9K UCSF workers join systemwide strike over hiring freeze

Since November UC “workers” (actually union dues payers) have gone on strike four times.  More evidence they work for the union, not the people of California.

““You want to do a hiring freeze as you’re expanding 2,000 new hospital beds last year, you’re just making [understaffing] worse,” said Todd Stenhouse, a spokesperson for American Federation of State, County and Municipal Employees Local 3299, which represents some of the striking workers. “It is the textbook definition of bad-faith bargaining.”

UC put the freeze in place in response to the “financial uncertainties” Michael Drake, its president, highlighted last month, system spokeswoman Heather Hansen told The Examiner in a statement Wednesday. Many other colleges and universities are taking similar steps, she said.

The hiring halt affects future hires, not current employees, and the system is leaving decisions on how to implement the freeze up to each campus, based on their individual situations, Hansen said. The strike, meanwhile, is costly to both workers and the university, she said.”

If you refuse to show up for work, that means you QUIT.  Accept the resignations and hire folks that work for the UC system, not the union.  Until then, control is in the hands of the unions—we just pay the bills.

9K UCSF workers join systemwide strike over hiring freeze

By Natalia Gurevich, SF Examiner, 5/1/25  https://www.sfexaminer.com/news/health/9k-ucsf-workers-walk-out-in-fourth-strike-since-november/article_5da83190-d83f-45f2-9f22-163ed7a9173a.html

More than 20,000 University of California workers — including 9,000 in San Francisco — went on strike on Thursday to protest the hiring freeze the school system announced last month.

The freeze threatens to exacerbate UC’s existing staffing shortage, which was already heightened by the system’s recent acquisition of a slew of new hospitals, union organizers say. Organizers say the hiring halt represents yet another example of the kind of bad-faith negotiating that had already prompted them to strike three other times this school year.

“You want to do a hiring freeze as you’re expanding 2,000 new hospital beds last year, you’re just making [understaffing] worse,” said Todd Stenhouse, a spokesperson for American Federation of State, County and Municipal Employees Local 3299, which represents some of the striking workers. “It is the textbook definition of bad-faith bargaining.”
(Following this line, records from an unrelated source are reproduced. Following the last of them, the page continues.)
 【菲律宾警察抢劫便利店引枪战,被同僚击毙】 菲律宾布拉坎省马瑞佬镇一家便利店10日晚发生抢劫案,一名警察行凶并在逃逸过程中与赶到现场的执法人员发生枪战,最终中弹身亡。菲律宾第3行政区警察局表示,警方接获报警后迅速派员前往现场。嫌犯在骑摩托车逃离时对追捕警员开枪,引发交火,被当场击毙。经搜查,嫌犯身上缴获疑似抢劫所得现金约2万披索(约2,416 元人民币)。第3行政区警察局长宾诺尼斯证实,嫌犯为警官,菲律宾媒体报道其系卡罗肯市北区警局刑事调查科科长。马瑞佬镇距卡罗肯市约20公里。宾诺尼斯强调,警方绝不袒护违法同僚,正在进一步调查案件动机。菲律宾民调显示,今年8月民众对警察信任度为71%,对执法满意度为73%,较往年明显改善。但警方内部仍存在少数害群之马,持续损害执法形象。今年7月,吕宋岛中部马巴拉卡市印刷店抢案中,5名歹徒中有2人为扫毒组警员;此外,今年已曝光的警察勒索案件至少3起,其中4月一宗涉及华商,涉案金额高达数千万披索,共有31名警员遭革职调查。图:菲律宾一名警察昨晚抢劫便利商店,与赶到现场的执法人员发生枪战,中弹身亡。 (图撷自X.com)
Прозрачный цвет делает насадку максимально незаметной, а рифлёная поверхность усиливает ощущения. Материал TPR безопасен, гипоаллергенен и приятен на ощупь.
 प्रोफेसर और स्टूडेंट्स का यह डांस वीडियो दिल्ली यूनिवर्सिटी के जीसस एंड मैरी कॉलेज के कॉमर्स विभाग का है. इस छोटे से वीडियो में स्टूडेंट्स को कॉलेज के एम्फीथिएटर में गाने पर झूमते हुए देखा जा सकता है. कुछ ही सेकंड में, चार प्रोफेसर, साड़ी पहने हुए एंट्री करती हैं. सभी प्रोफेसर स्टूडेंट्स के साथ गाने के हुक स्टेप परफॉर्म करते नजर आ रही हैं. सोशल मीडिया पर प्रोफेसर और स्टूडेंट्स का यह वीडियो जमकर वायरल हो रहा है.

UC put the freeze in place in response to the “financial uncertainties” Michael Drake, its president, highlighted last month, system spokeswoman Heather Hansen told The Examiner in a statement Wednesday. Many other colleges and universities are taking similar steps, she said.

The hiring halt affects future hires, not current employees, and the system is leaving decisions on how to implement the freeze up to each campus, based on their individual situations, Hansen said. The strike, meanwhile, is costly to both workers and the university, she said.

“This is especially harmful considering the current economic and fiscal uncertainty in higher education and nationally,” Hansen said. “We are hopeful for meaningful progress with both unions so that we can turn our attention to the state and federal funding concerns.”

Thursday’s strike is the latest development in the acrimonious contract negotiations between the UC system and the AFSCME and the University Professional and Technical Employees CWA Local 9119. The school system’s contracts with both unions expired last fall. Despite months’ worth of bargaining, UC hasn’t been able to reach a deal with either. The unions have lodged numerous allegations of unfair labor practices and bargaining in bad faith against the school system.

Around 4,000 UPTE workers and 5,000 AFSCME workers employed by UCSF at the university’s Mission Bay campus and at Zuckerberg San Francisco General Hospital took part in Thursday’s walkout.

Both unions previously went out on strike last month at the UCSF Parnassus campus and at Mission Bay in March and in November. In addition to understaffing, workers have been pushing UC to address their rising cost-of-living and increases in their health care costs.

Thursday’s strike was meant to draw attention to the vacancies that have plagued the system since the COVID-19 pandemic, Stenhouse said. UC made that longstanding understaffing issue worse by acquiring new facilities, he said. Last March, UC Irvine acquired four hospitals from Tenet Healthcare — Fountain Valley Regional Hospital, Lakewood Regional Medical Center, Los Alamitos Medical Center, and Placentia-Linda Hospital.

“You’ve got all these new hospitals and facilities, and you have nobody to staff them,” Stenhouse said.

The school system is scheduled to resume bargaining with UPTE next week, Hansen said. Wednesday night, UC offered AFSCME what the school system called a “comprehensive and competitive last, best and final offer” that includes an increase in workers’ minimum wage to $25 an hour and a 5% overall wage increase.